**Materials provided**
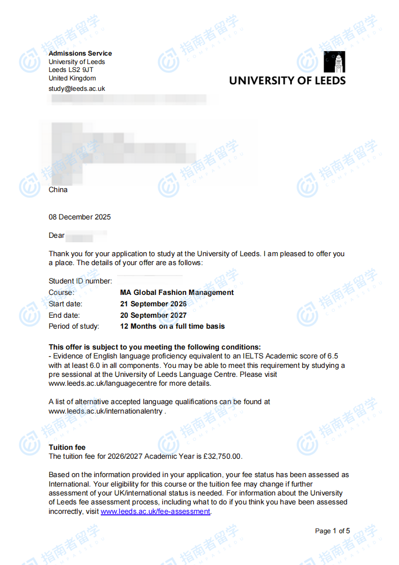 利茲大學(xué)全球時尚管理文學(xué)碩士研究生offer一枚
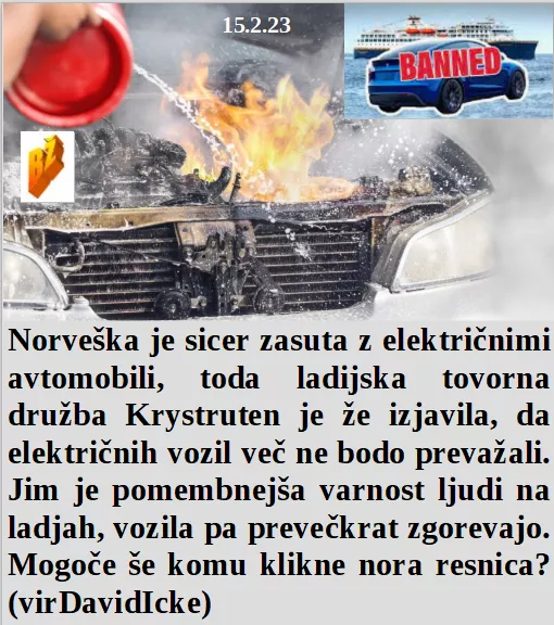Norveški ladijski prevoznik je že rekel, da ustavlja prevoz električnih avtomobilov, ker nočejo, da jim potniki gorijo! Bomo zdaj čevapčiče jedli z malce mletega govejega in veliko žuželčnega mesa. Ukrajinska svastika je moj simbol, saj sem vendar šefica leve stranke. Kako umazana politična spletka, srca ne moreš dobiti, ker nisi cepljena!
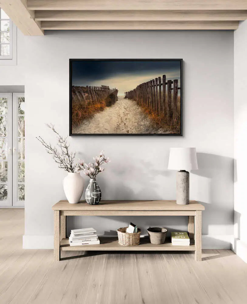Pack dein "THE PATH THAT LED TO YOU" Wandbild vorsichtig aus der Verpackung. Bei Acrylglas-Varianten ziehe die Schutzfolie ab. Prüfe das Bild auf Transportschäden und lege alle mitgelieferten Aufhänge-Komponenten bereit.
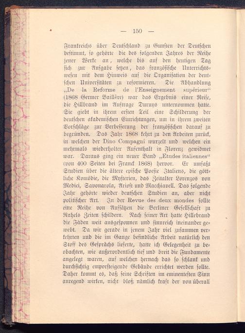 Frankreichs über Deutschland zn Gunsten der Deutschen bestimmt, so gehörte die des folgenden Jahres der Reihejeuer Werte an, welche bis auf deu heutigen Tagsich zur Ausgabe scheu, das srauzösische Unterrichts-wesen mit dem Hinweis ans die Organisation der deut-schen Universitäten ;n reformieren. Die Abhandlung,,Os Iii. Retorrn« cle 1'Lv.8siA»sinknt, Kupsrisur"(1868 Germer Baillere) ivar das Ergebnis einer Reise,die Hillbrand im Austrage Duruus uuteruommcu hatte.Sie giebt in ihrem ersten Teil eine Schilderung derdeutschen akademischen Einrichtungen, nm in ihrem zweitenLorschläge znr Verbesserung der französischen darauf zubegründen. Das Jahr 1868 kehrt zu den Arbeiten zurück,in welchen der vino ^oinpaZQi wurzelt und welchen einmehrmals wiederholter Aufenthalt in Florenz gewidmetwar. Daraus ging ein neuer Band „Lwc!s8 iralivlln.s8"(von 400 Seiten bei Franck 1868) hervor. Er umfaßtStudien über die ältere epische Poesie Italiens , die gött-liche Komödie, die Mysterien, das Zeitalter Lorenzos vonMedici, Savonarola, Ariost und Macchiavell . Das solgendeJahr gehörte wieder deutschen Studien an, aber nichtpolitischer Art. In der Rsvus clss clsnx mouckss sollteeine Reihe von Aussätzen die Berliner Gesellschaft zuRahels Zeiten schildern. Nach seiner Art hatte Hillebranddie Fäden weit ansgesponnen und sinnreich ineinander ge-webt. Da wir gerade in jenem Jahr viel zusammen ver-kehrten und die im Gange befindliche Arbeit natürlich denStoff des Gesprächs lieferte, hatte ich Gelegenheit zu be-obachten, wie außerordentlich tief und breit die Fundamenteangelegt waren, auf welchen hernach das so schlank unddurchsichtig emporstrigeude Gebäude errichtet werdeu sollte.Daher kommt es, daß seine Schriften im eminentesten Sinnanregend wirken, nicht bloß nämlich kraft der von überall
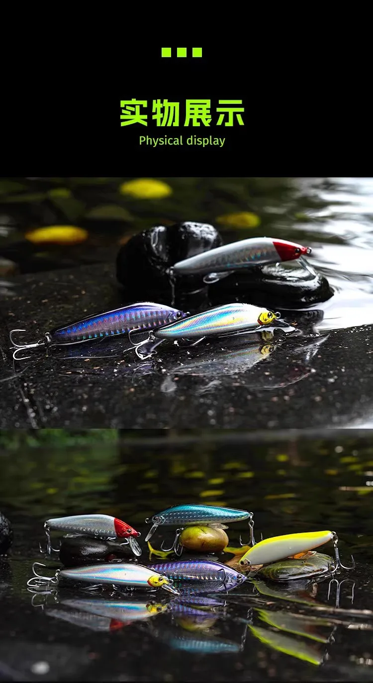 Señuelo de pesca con estampado 3D, pintura de pececillo, tablero de buceo corto de hundimiento lento, señuelos artificiales, bolas ruidosas, lote de 5 piezas en oferta

**How to complete this task**
Return each line of the material exactly as written; exclude the pictures.

**Response for this exercise**
 利茲大學(xué)全球時尚管理文學(xué)碩士研究生offer一枚
Norveški ladijski prevoznik je že rekel, da ustavlja prevoz električnih avtomobilov, ker nočejo, da jim potniki gorijo! Bomo zdaj čevapčiče jedli z malce mletega govejega in veliko žuželčnega mesa. Ukrajinska svastika je moj simbol, saj sem vendar šefica leve stranke. Kako umazana politična spletka, srca ne moreš dobiti, ker nisi cepljena!
Pack dein "THE PATH THAT LED TO YOU" Wandbild vorsichtig aus der Verpackung. Bei Acrylglas-Varianten ziehe die Schutzfolie ab. Prüfe das Bild auf Transportschäden und lege alle mitgelieferten Aufhänge-Komponenten bereit.
 Frankreichs über Deutschland zn Gunsten der Deutschen bestimmt, so gehörte die des folgenden Jahres der Reihejeuer Werte an, welche bis auf deu heutigen Tagsich zur Ausgabe scheu, das srauzösische Unterrichts-wesen mit dem Hinweis ans die Organisation der deut-schen Universitäten ;n reformieren. Die Abhandlung,,Os Iii. Retorrn« cle 1'Lv.8siA»sinknt, Kupsrisur"(1868 Germer Baillere) ivar das Ergebnis einer Reise,die Hillbrand im Austrage Duruus uuteruommcu hatte.Sie giebt in ihrem ersten Teil eine Schilderung derdeutschen akademischen Einrichtungen, nm in ihrem zweitenLorschläge znr Verbesserung der französischen darauf zubegründen. Das Jahr 1868 kehrt zu den Arbeiten zurück,in welchen der vino ^oinpaZQi wurzelt und welchen einmehrmals wiederholter Aufenthalt in Florenz gewidmetwar. Daraus ging ein neuer Band „Lwc!s8 iralivlln.s8"(von 400 Seiten bei Franck 1868) hervor. Er umfaßtStudien über die ältere epische Poesie Italiens , die gött-liche Komödie, die Mysterien, das Zeitalter Lorenzos vonMedici, Savonarola, Ariost und Macchiavell . Das solgendeJahr gehörte wieder deutschen Studien an, aber nichtpolitischer Art. In der Rsvus clss clsnx mouckss sollteeine Reihe von Aussätzen die Berliner Gesellschaft zuRahels Zeiten schildern. Nach seiner Art hatte Hillebranddie Fäden weit ansgesponnen und sinnreich ineinander ge-webt. Da wir gerade in jenem Jahr viel zusammen ver-kehrten und die im Gange befindliche Arbeit natürlich denStoff des Gesprächs lieferte, hatte ich Gelegenheit zu be-obachten, wie außerordentlich tief und breit die Fundamenteangelegt waren, auf welchen hernach das so schlank unddurchsichtig emporstrigeude Gebäude errichtet werdeu sollte.Daher kommt es, daß seine Schriften im eminentesten Sinnanregend wirken, nicht bloß nämlich kraft der von überall
 Señuelo de pesca con estampado 3D, pintura de pececillo, tablero de buceo corto de hundimiento lento, señuelos artificiales, bolas ruidosas, lote de 5 piezas en oferta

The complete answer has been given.